• [Task prompt]
Pictures within the data are to be left out; everything else must be reproduced exactly.

• [Material to process]
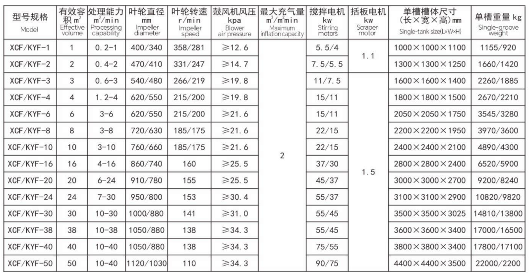 It is suitable for the separation of non-ferrous metals, ferrous metals, precious metals, and non-metallic minerals. The XCF type has self-prime slurry capacity and is called a suction tank; the KYF type has no self-priming slurry capacity, with lower power consumption than the XCF type, and is called a direct-flow tank. Generally, the XCF and KYF models are configured as a combined unit, arranged horizontally to facilitate process changes. The XCF/KYF flotation machine adopts a "U"-shaped tank body, hollow shaft aeration, and a suspended stator, especially a conical impeller with blades tilted backward at an angle. A porous cylindrical air distributor is installed in the impeller cavity, enabling air to be uniformly dispersed in most areas of the impeller blades, thus providing a larger slurry-air contact interface. When the XCF flotation machine operates, as the impeller rotates, the slurry in the tank is sucked into the space between the impeller blades from around the tank bottom through the lower end of the impeller. Meanwhile, low-pressure air supplied by a blower enters through the hollow shaft and the impeller's air distributor. After the slurry and air are fully mixed between the blades, the mixture is pushed obliquely upward from the upper half of the impeller, and then enters the entire tank after being stabilized and directed by the stator. Bubbles rise to the foam stabilization zone. After the enrichment process, the foam overflows spontaneously from the overflow weir into the foam tank. A portion of the slurry flows to the lower part of the impeller, which is then stirred by the impeller and remixed to form mineralized bubbles. The remaining slurry flows to the next tank and finally becomes tailings.
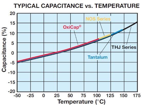 ESR和阻抗都随频率的增加。在较低频率值作为额外的贡献分歧阻抗(由于电容器的电抗)变得更加重要。除了1MHz的(和超越电容的谐振点)阻抗再次增加由于电感,电容的。典型ESR和阻抗值是类似的钽,铌氧化物材料,从而在相同的图表都有效钽电容和OxiCap®电容器。
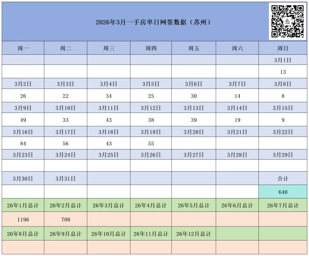 本月截至3月19日(周四),苏州六区住宅累计网签【3289套】,其中二手房累计网签【2649套】、新房累计网签【640套】。
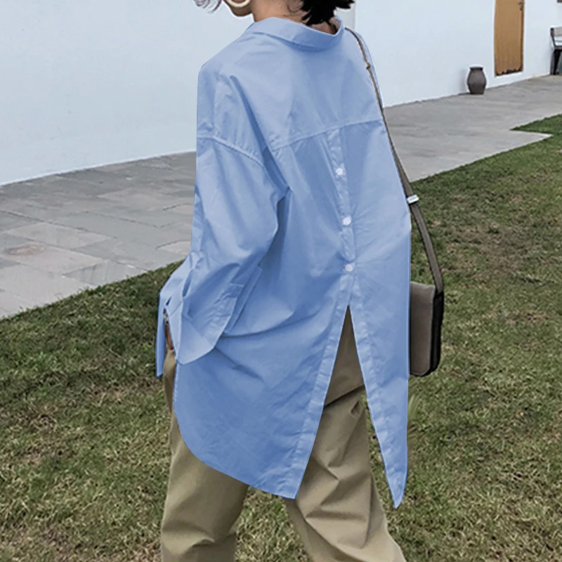 Модная женская Повседневная однотонная Асимметричные блузы, туника, рубашки с длинным рукавом и пуговицами, свободные офисные Блузы
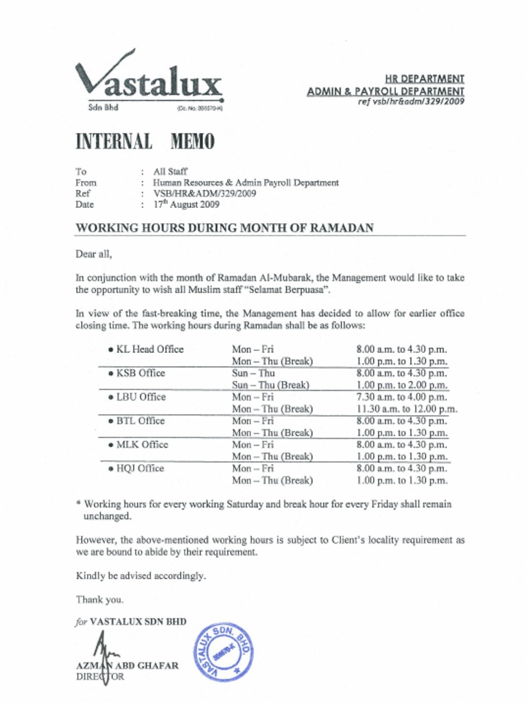 Memo Working Hours During Ramadan
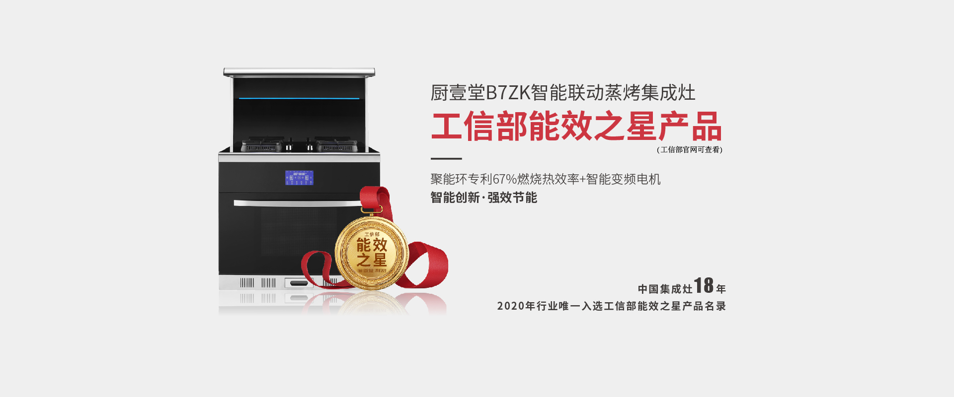 廚壹堂掌握電機核心科技,擁有各項專利100余項,生產出油煙吸凈率高達99.9%的集成灶。是集成灶行業標準主要起草單位、蒸烤一體機標準起草單位、高新技術企業,且是行業內少數獲得“浙江制造”品字標認證的企業。2020年榮獲工信部“能效之星”榮譽,是行業內唯一一家獲此殊榮的企業。
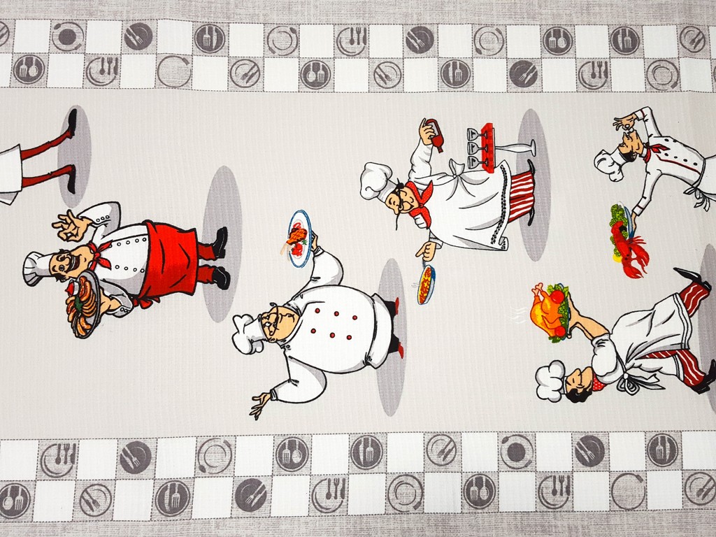 Bavlnené piké vynikne vďaka motívom s kuchárikom hlavne v kuchyni. Môžete z neho ušiť utierky, prestierania alebo behúň.
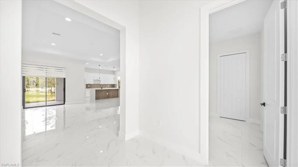 Experience the best of new construction in a flourishing area of Lehigh Acres! This stunning 4-bedroom, 2-bathroom home features a bright and airy open-concept kitchen, perfect for entertaining. The kitchen boasts elegant wood cabinets, pristine quartz countertops, and a full suite of brand-new stainless steel appliances. Enjoy the Florida sunshine and ultimate peace of mind with impact windows and doors throughout. With gorgeous porcelain tile underfoot and zero updates needed, this move-in-ready home offers the perfect blend of modern style and effortless living. Schedule your private showing today!
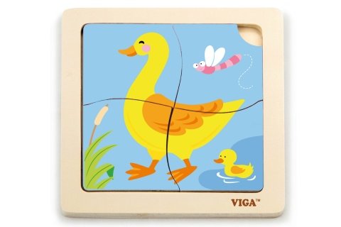 Dřevěné puzzle kachna, obrázek o rozměru cca 12 x 12 cm. Rozměry balení cca 15 x 15 x 1 cm. Věk 18m+
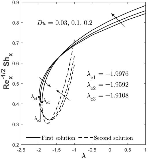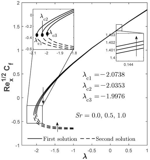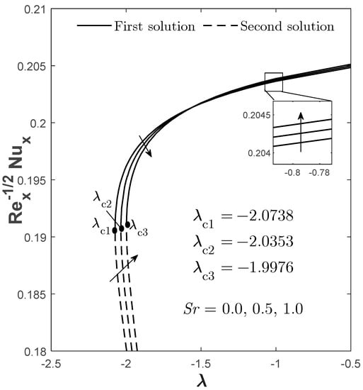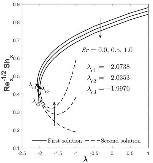 Figure 8, Figure 9 and Figure 10 demonstrate the quantities of , , and when varied Soret effects are considered. It is noticed that the first solution for and is reduced when increases, but the pattern is conflicted within a certain range of , especially when moves towards the assisting flow (see Figure 8 and Figure 9). Meanwhile, a greater is witnessed from the first solution when zero/smaller is considered, and there is no conflicting pattern for this quantity. Logically, the mass transfer would decay when a greater is considered due to the increment of concentration gradient, which is supported by Figure 19. In terms of boundary layer separation, the critical point is also plotted at the opposing mixed convective flow region of , such that: when ; when ; and when . This kind of critical point placement as increases signifies that the flow transition is quickened and causes the turbulent flow to take over. Thus, smaller to no is suggested to delay the flow transition.
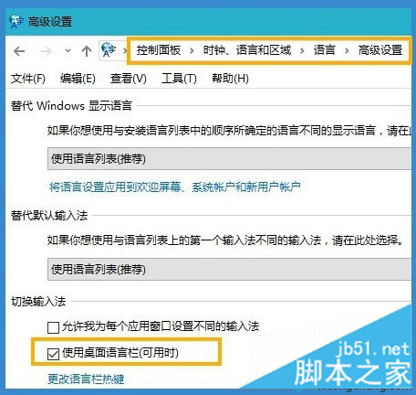 1、打开控制面板,在语言--高级设置中找到并勾选“使用桌面语言栏”,之后确定退出即可;
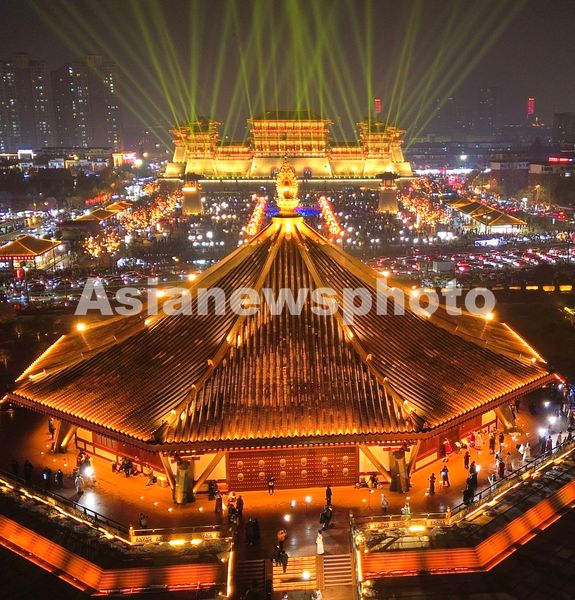 图片说明:2026年1月1日晚,游客在河南省洛阳市隋唐洛阳城国家遗址公园内,沉浸式体验隋唐文化夜游文旅项目,感受古今交融的千年古都韵味,尽享假期好时光。
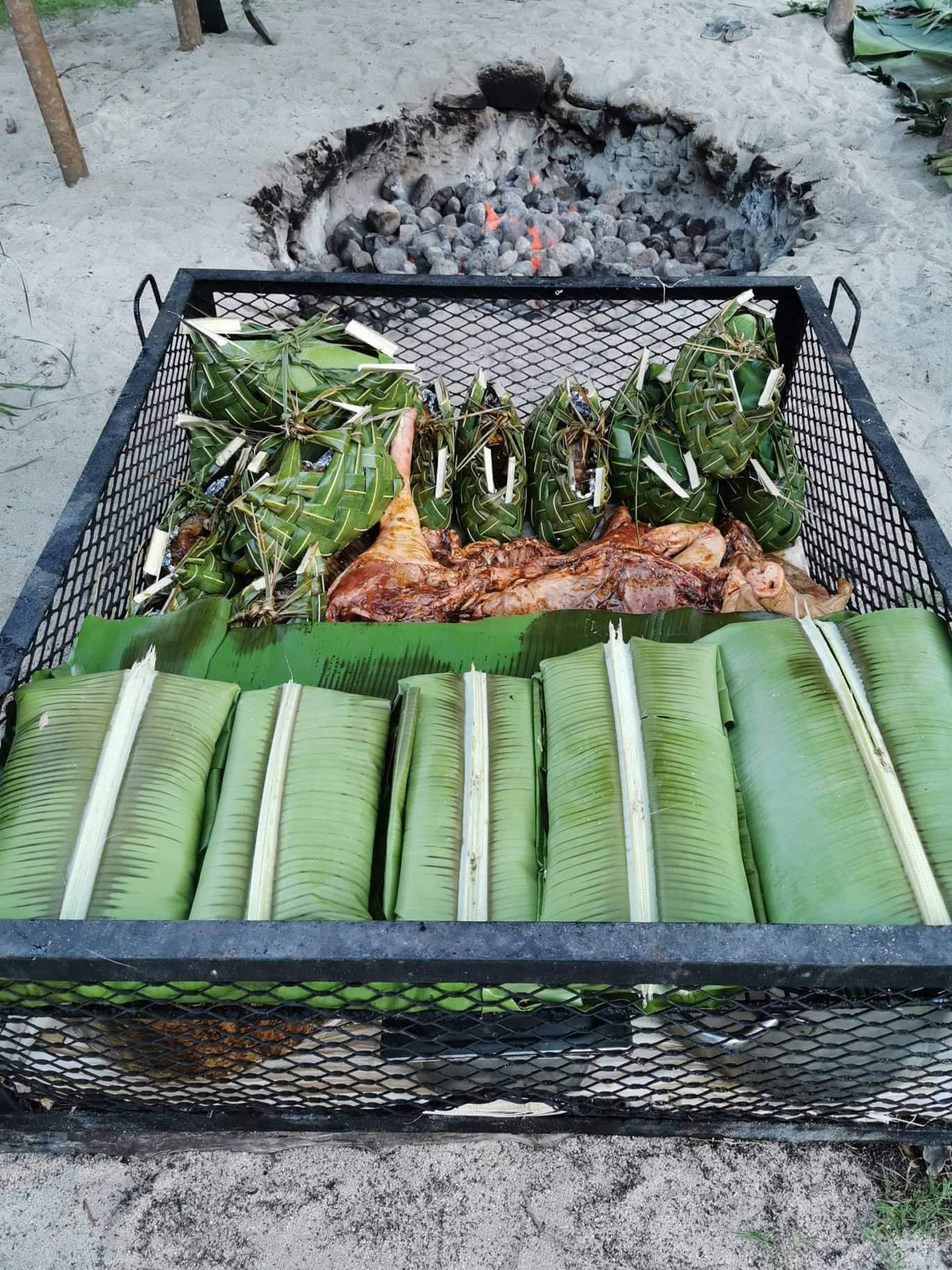 Fish, shrimp, wild pig and local fruit like breadfruit and taro are individually wrapped in banana leaves and the "oven" is covered with more banana and purau (hibiscus) leaves and layers of earth, before being cooked for hours.
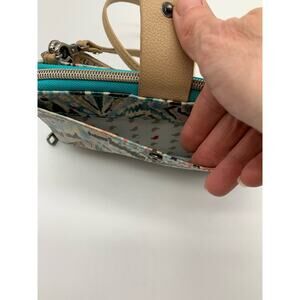 Sakroots Crossbody Purse Tech Wallet Teal Pattern. In excellent pre-owned condition. See photos for details on condition and measurements.
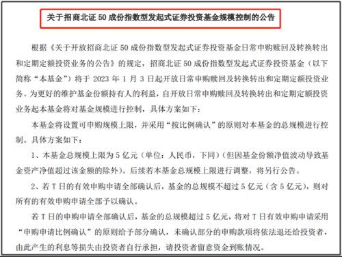 根据该只基金公告,招商北证50成份指数基金总规模上限为5亿元,若在日常申购日出现总规模超过5亿元的情形,将对有效申购申请采取“申购申请比例确认”的原则予以部分确认,未确认部分的申购款项将依法退还给投资者。
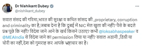"The question is about Parliament's decorum, national security, and about the MP's propriety, corruption, and criminality," Dubey stated in a hindi post. She must provide information on if NIC mails were viewed in Dubai, if money was requested, and who was responsible for paying for international travel expenditures. She must respond if she obtained approval for her travels from the Speaker of the lok sabha and the Ministry of External Affairs."

• [Task solution]
 It is suitable for the separation of non-ferrous metals, ferrous metals, precious metals, and non-metallic minerals. The XCF type has self-prime slurry capacity and is called a suction tank; the KYF type has no self-priming slurry capacity, with lower power consumption than the XCF type, and is called a direct-flow tank. Generally, the XCF and KYF models are configured as a combined unit, arranged horizontally to facilitate process changes. The XCF/KYF flotation machine adopts a "U"-shaped tank body, hollow shaft aeration, and a suspended stator, especially a conical impeller with blades tilted backward at an angle. A porous cylindrical air distributor is installed in the impeller cavity, enabling air to be uniformly dispersed in most areas of the impeller blades, thus providing a larger slurry-air contact interface. When the XCF flotation machine operates, as the impeller rotates, the slurry in the tank is sucked into the space between the impeller blades from around the tank bottom through the lower end of the impeller. Meanwhile, low-pressure air supplied by a blower enters through the hollow shaft and the impeller's air distributor. After the slurry and air are fully mixed between the blades, the mixture is pushed obliquely upward from the upper half of the impeller, and then enters the entire tank after being stabilized and directed by the stator. Bubbles rise to the foam stabilization zone. After the enrichment process, the foam overflows spontaneously from the overflow weir into the foam tank. A portion of the slurry flows to the lower part of the impeller, which is then stirred by the impeller and remixed to form mineralized bubbles. The remaining slurry flows to the next tank and finally becomes tailings.
 ESR和阻抗都随频率的增加。在较低频率值作为额外的贡献分歧阻抗(由于电容器的电抗)变得更加重要。除了1MHz的(和超越电容的谐振点)阻抗再次增加由于电感,电容的。典型ESR和阻抗值是类似的钽,铌氧化物材料,从而在相同的图表都有效钽电容和OxiCap®电容器。
 本月截至3月19日(周四),苏州六区住宅累计网签【3289套】,其中二手房累计网签【2649套】、新房累计网签【640套】。
 Модная женская Повседневная однотонная Асимметричные блузы, туника, рубашки с длинным рукавом и пуговицами, свободные офисные Блузы
 Memo Working Hours During Ramadan
 廚壹堂掌握電機核心科技,擁有各項專利100余項,生產出油煙吸凈率高達99.9%的集成灶。是集成灶行業標準主要起草單位、蒸烤一體機標準起草單位、高新技術企業,且是行業內少數獲得“浙江制造”品字標認證的企業。2020年榮獲工信部“能效之星”榮譽,是行業內唯一一家獲此殊榮的企業。
 Bavlnené piké vynikne vďaka motívom s kuchárikom hlavne v kuchyni. Môžete z neho ušiť utierky, prestierania alebo behúň.
 Experience the best of new construction in a flourishing area of Lehigh Acres! This stunning 4-bedroom, 2-bathroom home features a bright and airy open-concept kitchen, perfect for entertaining. The kitchen boasts elegant wood cabinets, pristine quartz countertops, and a full suite of brand-new stainless steel appliances. Enjoy the Florida sunshine and ultimate peace of mind with impact windows and doors throughout. With gorgeous porcelain tile underfoot and zero updates needed, this move-in-ready home offers the perfect blend of modern style and effortless living. Schedule your private showing today!
 Dřevěné puzzle kachna, obrázek o rozměru cca 12 x 12 cm. Rozměry balení cca 15 x 15 x 1 cm. Věk 18m+
 Figure 8, Figure 9 and Figure 10 demonstrate the quantities of , , and when varied Soret effects are considered. It is noticed that the first solution for and is reduced when increases, but the pattern is conflicted within a certain range of , especially when moves towards the assisting flow (see Figure 8 and Figure 9). Meanwhile, a greater is witnessed from the first solution when zero/smaller is considered, and there is no conflicting pattern for this quantity. Logically, the mass transfer would decay when a greater is considered due to the increment of concentration gradient, which is supported by Figure 19. In terms of boundary layer separation, the critical point is also plotted at the opposing mixed convective flow region of , such that: when ; when ; and when . This kind of critical point placement as increases signifies that the flow transition is quickened and causes the turbulent flow to take over. Thus, smaller to no is suggested to delay the flow transition.
 1、打开控制面板,在语言--高级设置中找到并勾选“使用桌面语言栏”,之后确定退出即可;
 图片说明:2026年1月1日晚,游客在河南省洛阳市隋唐洛阳城国家遗址公园内,沉浸式体验隋唐文化夜游文旅项目,感受古今交融的千年古都韵味,尽享假期好时光。
 Fish, shrimp, wild pig and local fruit like breadfruit and taro are individually wrapped in banana leaves and the "oven" is covered with more banana and purau (hibiscus) leaves and layers of earth, before being cooked for hours.
 Sakroots Crossbody Purse Tech Wallet Teal Pattern. In excellent pre-owned condition. See photos for details on condition and measurements.
 根据该只基金公告,招商北证50成份指数基金总规模上限为5亿元,若在日常申购日出现总规模超过5亿元的情形,将对有效申购申请采取“申购申请比例确认”的原则予以部分确认,未确认部分的申购款项将依法退还给投资者。
"The question is about Parliament's decorum, national security, and about the MP's propriety, corruption, and criminality," Dubey stated in a hindi post. She must provide information on if NIC mails were viewed in Dubai, if money was requested, and who was responsible for paying for international travel expenditures. She must respond if she obtained approval for her travels from the Speaker of the lok sabha and the Ministry of External Affairs."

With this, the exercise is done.